Since Russia’s 2014 annexation of Crimea, a peninsula along the northern coast of the Black Sea in Eastern Europe, Russia and Ukraine continue to be at loggerheads. In October 2021, Russia began moving troops and military equipment near the border with Ukraine, reigniting concerns over a potential invasion. By December 2021, more than one hundred thousand troops were on location near the border as Russia issued a set of demands which included a ban on Ukraine joining the North Atlantic Treaty Organisation (NATO).
What’s Happening Now: On Monday 21 February 2022, Russian President Vladimir Putin recognised (as being independent of Ukraine) two breakaway regions of Ukraine, Donetsk and Luhansk-that comprise a larger region called Donbas that borders Russia. Putin ordered Russia’s defence ministry to deploy troops to the two regions in what he termed as a peacekeeping mission, a move that has not only heightened fears within Ukraine but has angered the countries in Western Europe to a point of calling for economic sanctions on Russia. On Thursday 24 February, much to the surprise of the world, Russian forces launched a major assault on Ukraine-hitting its capital Kyiv and several other cities.
Why it matters: A full-scale invasion of Ukraine will have a tumultuous ripple effect on the rest of the world. Russia’s connectedness to global markets makes it a major driving force in the world’s economy.
The big picture: According to the World Trade Organisation (WTO), Russia-a member of WTO since August 2012-is the 16th exporter and 21st importer of goods in the world. Russia mainly exports oil and gas-accounting for about 40% of Europe’s natural gas supplies-solid fuels, wheat and meslin, iron and steel, precious metals, precious stones and wood, and mainly imports machinery, pharmaceuticals, electronics, electrical products, vehicles and plastics.

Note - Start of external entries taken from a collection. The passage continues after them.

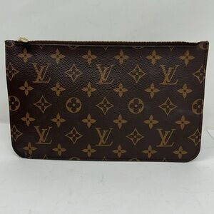 This is a beautiful Louis Vuitton Monogram Beige Neverfull MM Zip Pouch Wristlet. Excellent pre owned condition. There’s a very minor crack that has been both resealed and sticked. Hardly noticeable if at all. No odors. No stains. Very clean interior with interior slip in compartment with authenticity tabs both in the interior of the wall pocket and an additional authentication tab in the main compartment. 9.75” x 5.75. Minor water spots on the wristlet.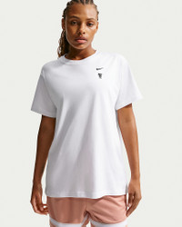 Think your game is point? Got that rock on a string? Flaunt it in this oversized t-shirt that comes with a slight drape for shooting sessions or off-court style. Benefits - Midweight cotton fabric feels soft and has a slight drape. - Oversized fit offers a spacious feel. Product Details - Swoosh logos - Photo graphic on back - 100% cotton - Machine wash - Imported - Shown: White - Style: IM0301-100 SIZE & FIT Model is wearing size S and is 5′11″179cm Oversized fit: exaggerated and spacious
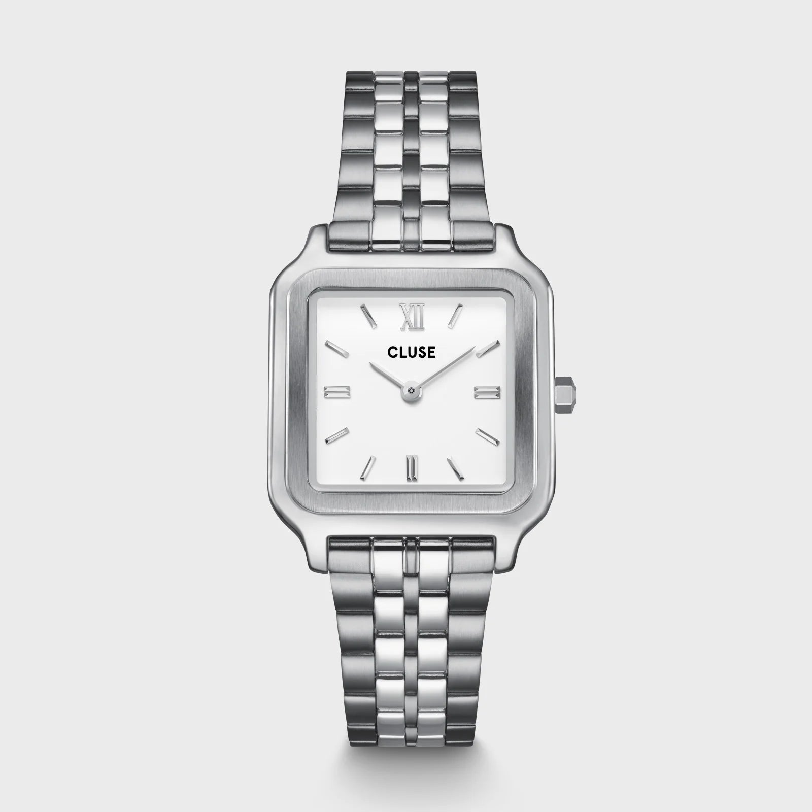 Add a sense of luxury and sophistication to your look with the Cluse Gracieuse Silver Steel Link Watch. Featuring a sleek silver-toned square case, a crisp white dial, and a polished stainless steel link strap, this timepiece blends elegance with modern refinement. Designed for versatility, you can easily customize the look with any 16 mm strap and adjust the size yourself for the perfect fit.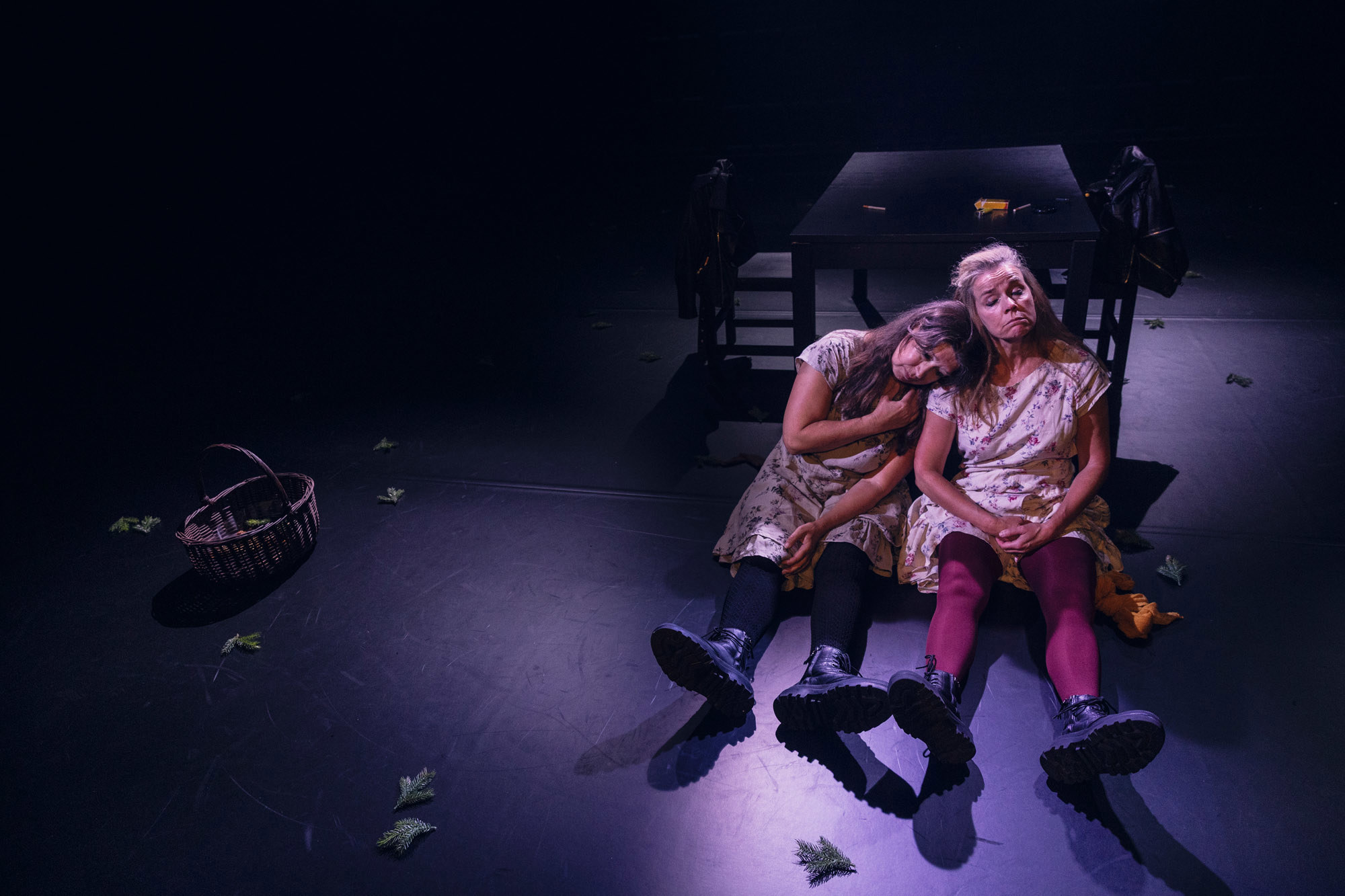 Två kvinnor. En glänta. En skog som aldrig riktigt slutar. Vad som börjar som en lekfull utflykt förvandlas till en känsloladdad kamp mot ensamhet, rädsla och längtan efter att få bli sedd. För vad händer när man inte vet om man finns, om ingen rör vid en? När barndomen glider undan och något nytt skrämmande och ovisst tar vid?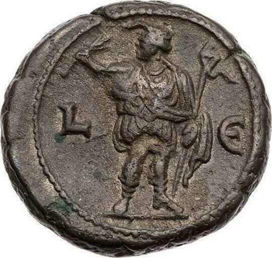 Alexandria standing left, wearing elephant headdress, holding ears of corn and vexillum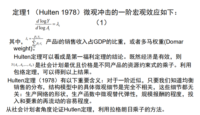 随后,倪老师向我们介绍了生产网络模型的发展脉络,主要介绍了早期的Hulten(1978)模型。Hulten (1978)证明在完全竞争的经济中,总生产率等于技术领域微观经济变化的多玛加权总和,这又被称为Hulten定理。虽然Hulten定理是生产率和增长核算的基石,但是倪老师也告诉我们这个定理也并非完美,在直觉层面上我们也有理由怀疑这个定理有违现实情况。老师也表明,生产网络能够给政策制定者提供新的思路和工具,能够有效地预测政策干预的经济后果,并为我们附上生产网络与金融、产业、贸易、就业等政策领域相关的前沿文献。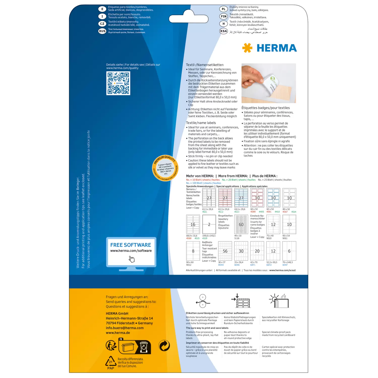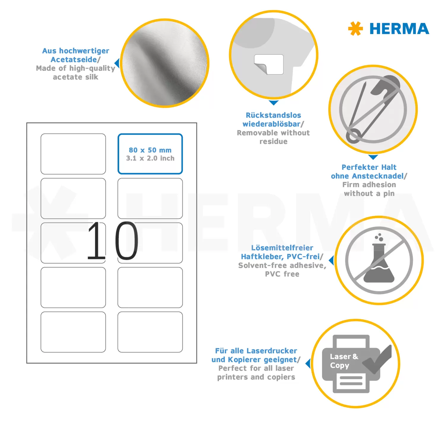 - Idéales comme plaques nominatives pour séminaires, conférences, salons (ou le marquage d'étoffes, de tapis et de matelas)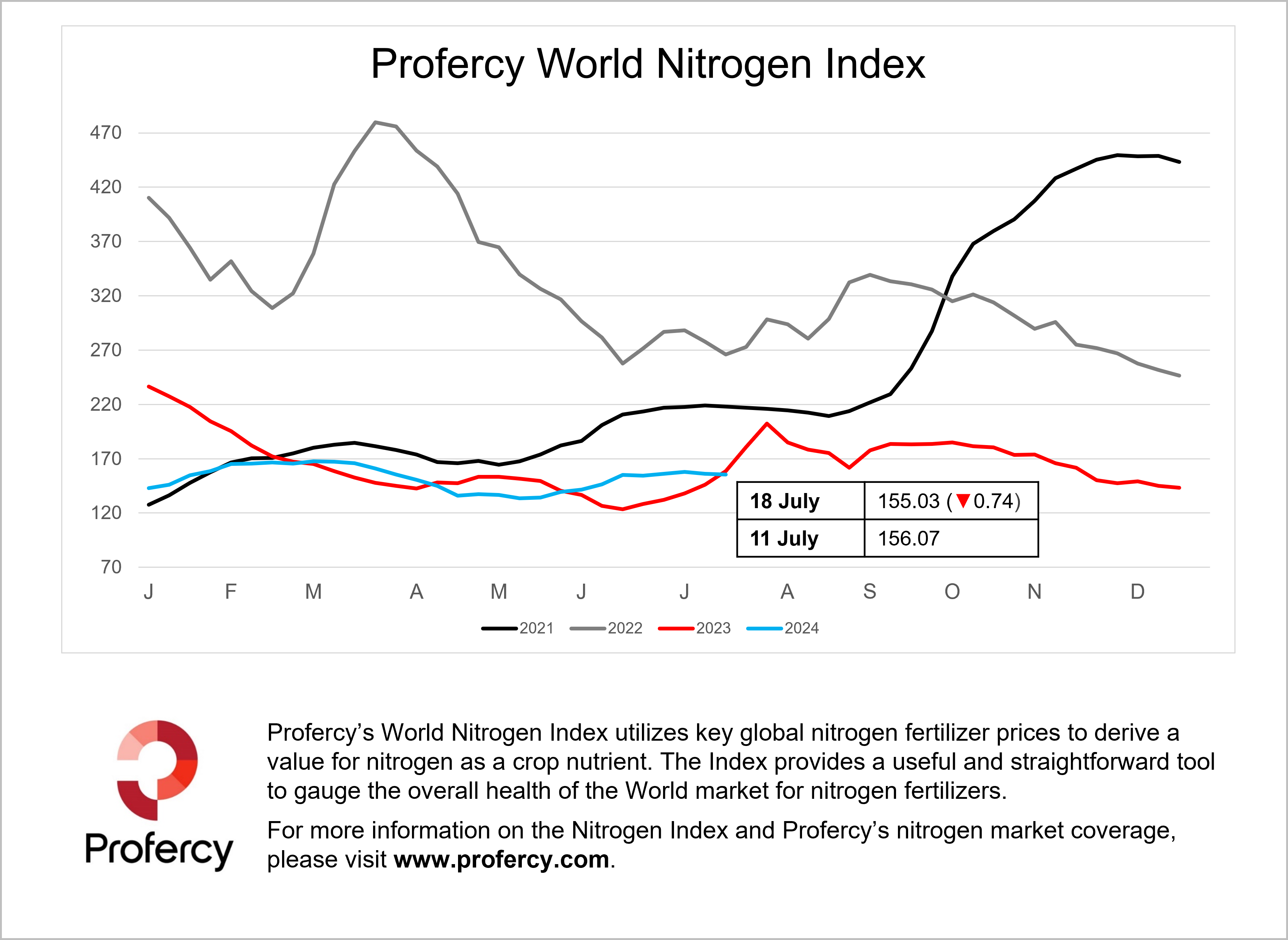 As demonstrated below, global values have been rangebound for a while. Profercy's World Nitrogen Index registered a modest decline this week and stands at 155.03. The Index has been either side of 155 since mid-June.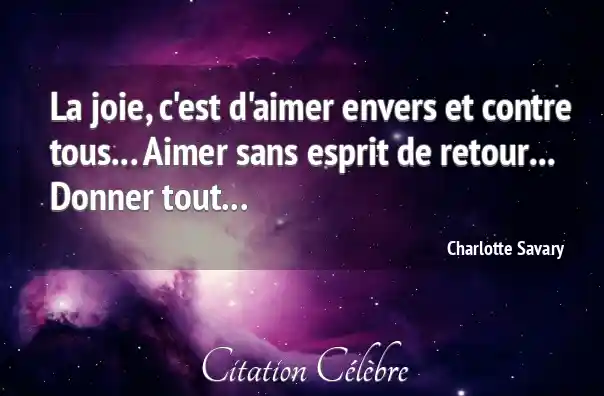 La joie, c'est d'aimer envers et contre tous... Aimer sans esprit de retour... Donner tout...

Kenya’s Woes: Should Ukraine be driven to its knees, Kenya is bound to suffer major setbacks.
Of note: While the U.S and its western allies in NATO are backing Ukraine, China has expressed support for Russia, although it has called for restraint from both countries. On its part, Kenya has diplomatic ties with both Ukraine and Russia and a number of countries that have imposed sanctions including the U.S and U.K. But going by the sentiments of Kenya’s Permanent Representative to the United Nations, Martin Kimani, Kenya is urging for peace.